§ Exercise inputs

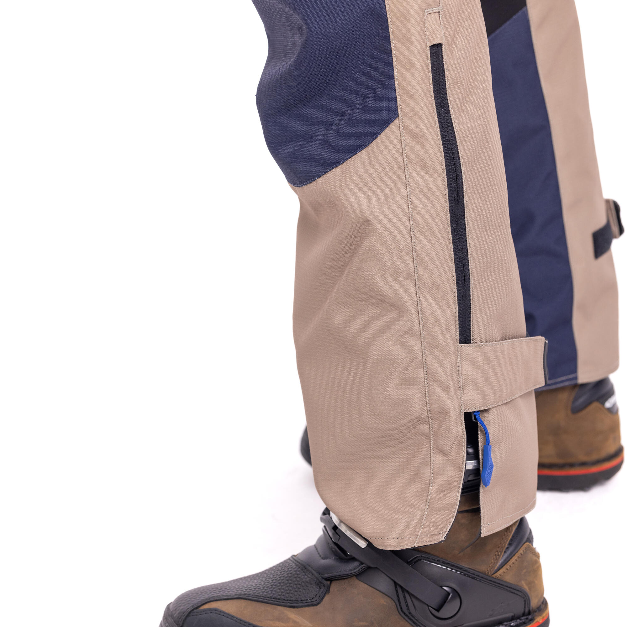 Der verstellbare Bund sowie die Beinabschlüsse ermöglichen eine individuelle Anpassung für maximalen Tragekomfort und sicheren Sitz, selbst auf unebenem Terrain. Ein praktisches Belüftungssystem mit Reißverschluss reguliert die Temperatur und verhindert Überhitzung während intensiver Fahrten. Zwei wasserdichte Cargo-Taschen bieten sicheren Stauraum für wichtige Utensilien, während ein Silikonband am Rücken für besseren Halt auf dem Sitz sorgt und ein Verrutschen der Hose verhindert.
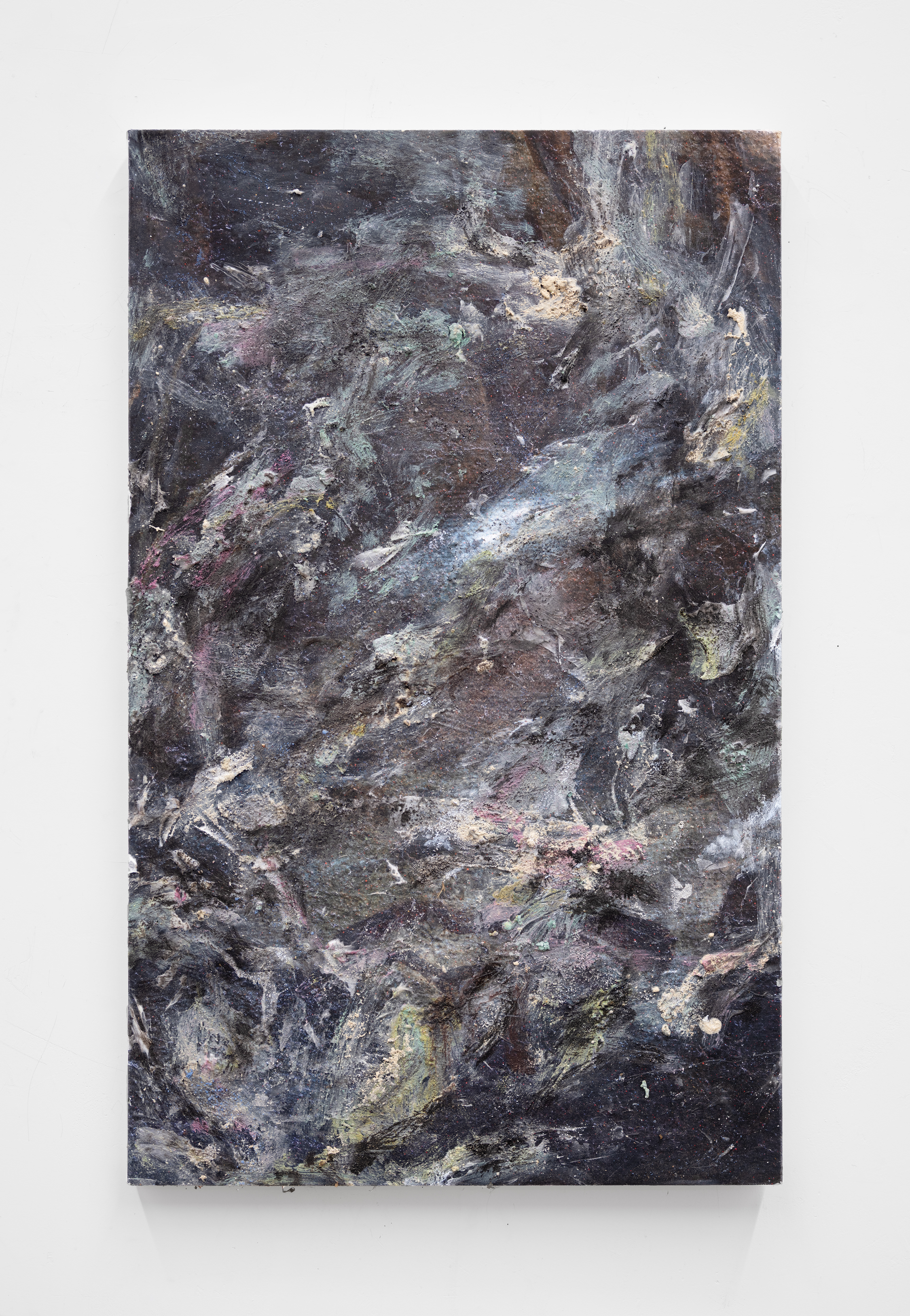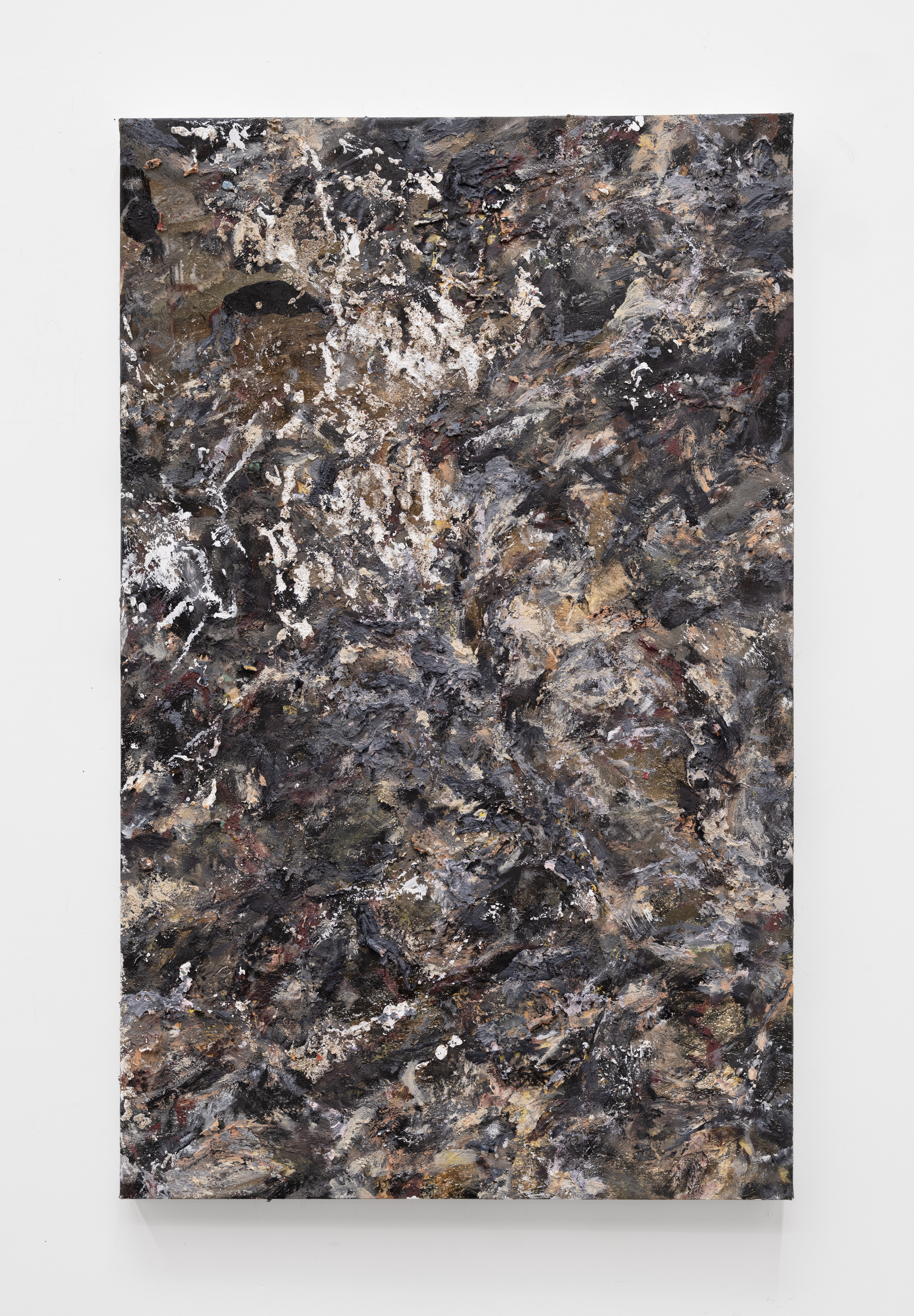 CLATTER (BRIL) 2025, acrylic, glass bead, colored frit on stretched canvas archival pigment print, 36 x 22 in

---

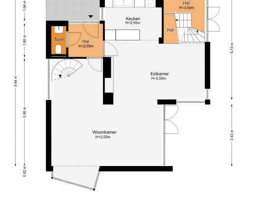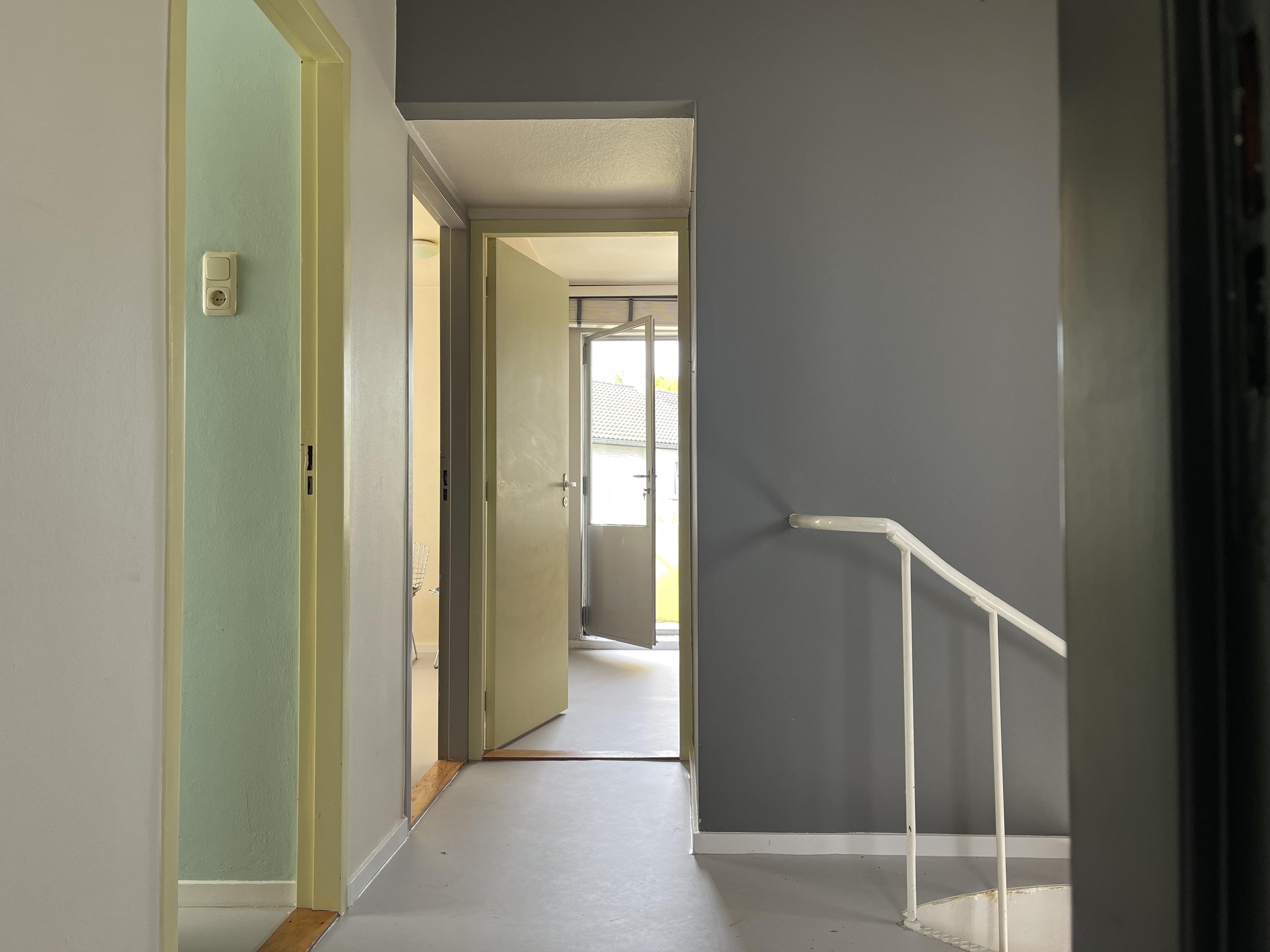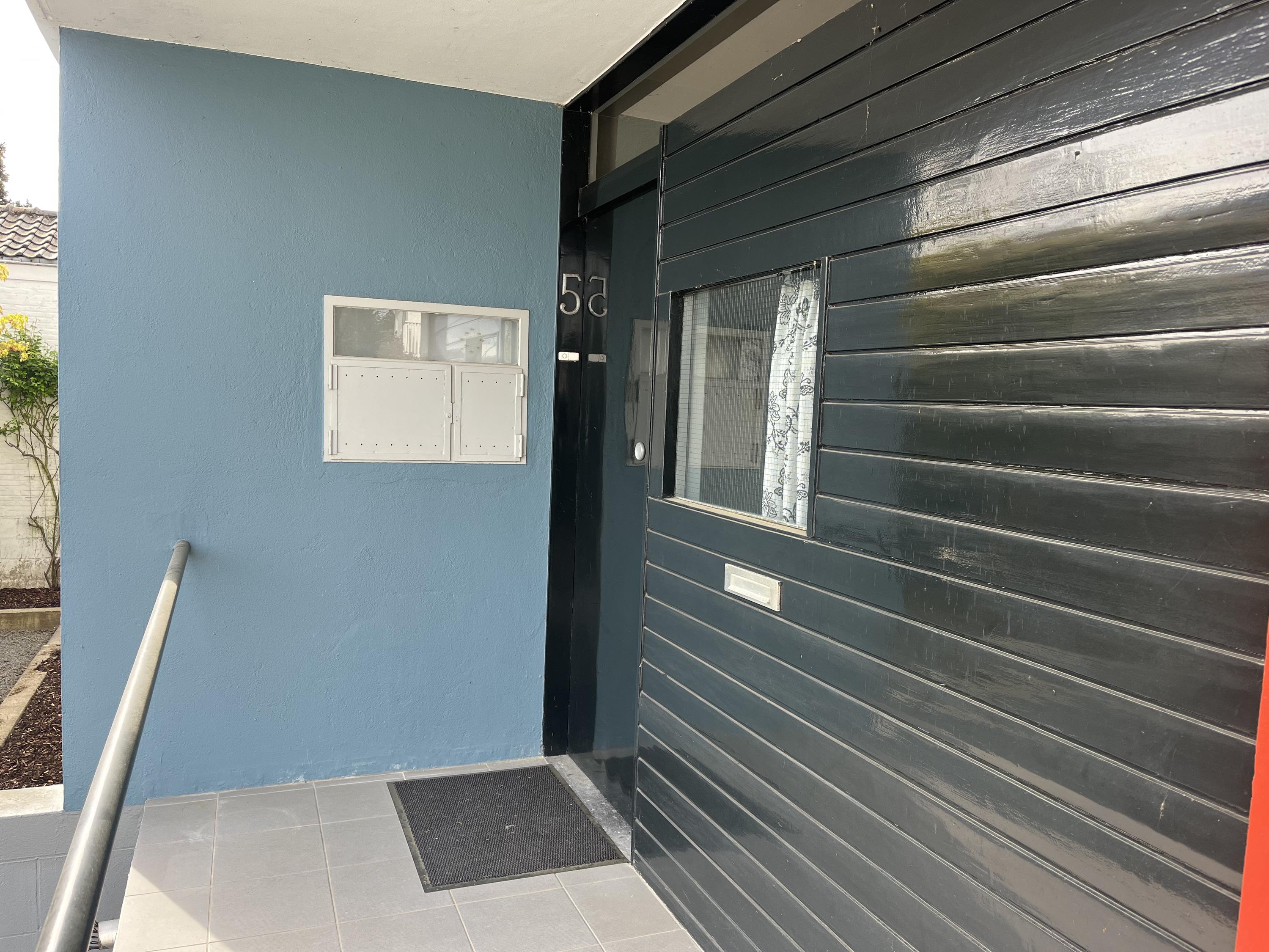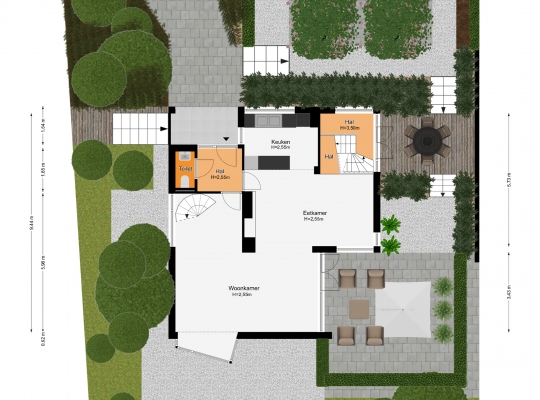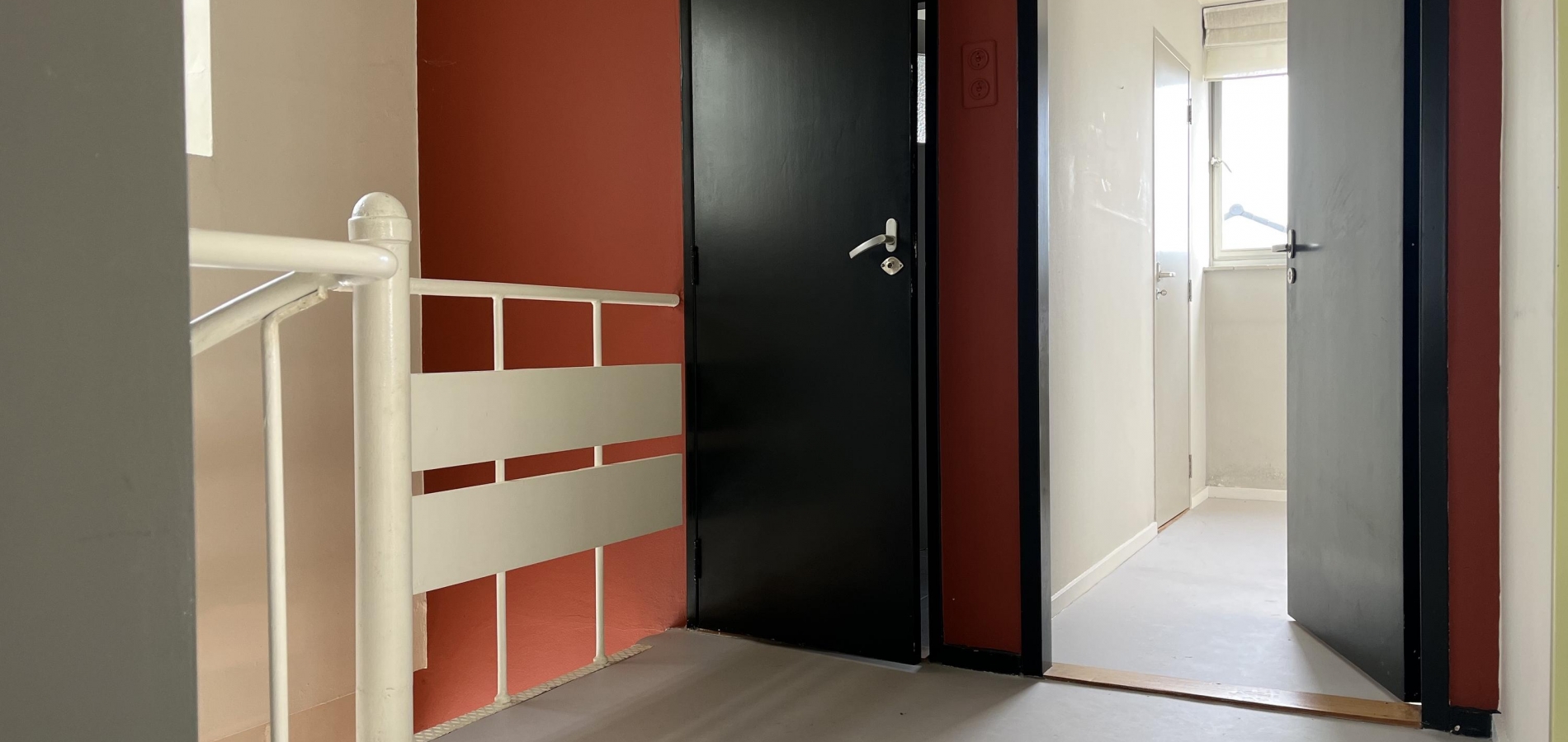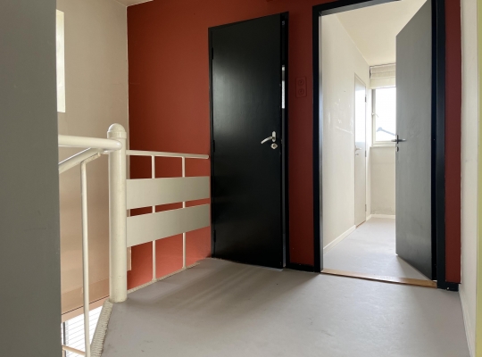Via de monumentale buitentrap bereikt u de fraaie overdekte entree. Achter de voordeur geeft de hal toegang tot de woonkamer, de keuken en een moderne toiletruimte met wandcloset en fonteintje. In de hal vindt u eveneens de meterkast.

§ What needs to be done
Respond with the exact lines above running from the one containing "Der verstellbare Bund" to the one containing "CLATTER (BRIL) 2025, acrylic, glass", both ends kept and no pictures included.

§ Output for this exercise
 Der verstellbare Bund sowie die Beinabschlüsse ermöglichen eine individuelle Anpassung für maximalen Tragekomfort und sicheren Sitz, selbst auf unebenem Terrain. Ein praktisches Belüftungssystem mit Reißverschluss reguliert die Temperatur und verhindert Überhitzung während intensiver Fahrten. Zwei wasserdichte Cargo-Taschen bieten sicheren Stauraum für wichtige Utensilien, während ein Silikonband am Rücken für besseren Halt auf dem Sitz sorgt und ein Verrutschen der Hose verhindert.
 CLATTER (BRIL) 2025, acrylic, glass bead, colored frit on stretched canvas archival pigment print, 36 x 22 in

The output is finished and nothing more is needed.